•Técnicas Actuales En Biología Molecular•
Reacción en cadena de la polimerasa (PCR)/ PCR punto final
•Permite generar miles de copias de una sola copia de un fragmento de ADN.
•Se usa porque es más fácil analizar y secuencia el fragmento de ADN si se cuenta con muchas copias.
Tiene tres pasos principales:
•Desnaturalización:
-Consiste en separar las dos hebras de DNA rompiendo los puentes de hidrógeno que unen las hebras complementarias.
-Los puentes se rompen por medio de calor a unos 90 o 95 °C, por lo que se dice que son termolábiles.
•Hibridación:
-Se usan unos fragmentos pequeños de DNA llamados oligonucleótidos, o conocidos como cebadores o primers, que tienen de 10 a 18 bases nitrogenadas, y amplifican o son específicas para la reacción que nos interese.
-Por ejemplo, tenemos el genoma completo, pero nos interesa solo un gen, entonces se crean cebadores específicos para este gen, y cuando las dos hebras se separan, el cebador se une al gen que nos interesa.
-Esto pasa a una temperatura menor que la del paso de desnaturalización.
•Extensión:
-La DNA polimerasa empieza a trabajar a partir de los cebadores que se pegaron en el paso anterior.
-A diferencia de la RNA polimerasa, la DNA polimerasa necesita este oligonucleótido o primer para poder iniciar la polimerización.
-Los nucleótidos los toma como trifosfatos (dATP, dGTP, dCTP y dTTP. La d es por "desoxi"). Junto con la enzima, estos nucleótidos trifosfatados se integran al fragmento de DNA que se está formando.

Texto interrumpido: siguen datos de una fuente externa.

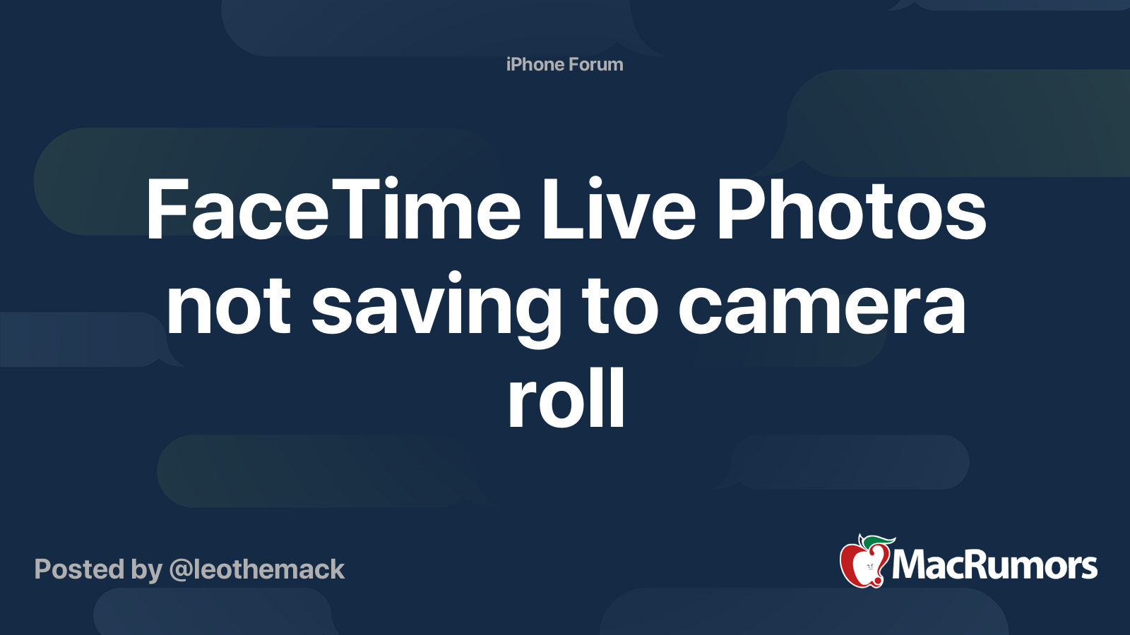 Facetime Live Photos Not Saving To Camera Roll Macrumors Forums

•Estos 3 pasos se repiten una y otra vez, cada vez generando más copias.
•Esta técnica sigue un ritmo exponencial.
•Primero tenemos un fragmento de DNA, luego 2, luego 4, después 8, etc.
PCR en tiempo real (RT-PCR)
•Es igual que la técnica de PCR normal, pero en esta se utiliza una molécula que emite fluorescencia a cierta longitud de onda, pero solamente fluórese cuando se una a una molécula de DNA.
•Entre más sean los ciclos de PCR que se produzcan, la fluorescencia será mayor, porque los fluoróforos se unen a las nuevas moléculas de DNA que se están produciendo.
•Con esto podemos cuantificar con cuanto RNA mensajero en un tejido se comienza la reacción.
•Si tenemos mucho RNA mensajero al comienzo de la técnica, en ciclos tempranos se generara una señal con intensidad mayor.
•Esto es útil para saber para comparar por ejemplo un tejido sano y otro canceroso, en el canceroso puede que encontremos más mensajeros de cierto tipo.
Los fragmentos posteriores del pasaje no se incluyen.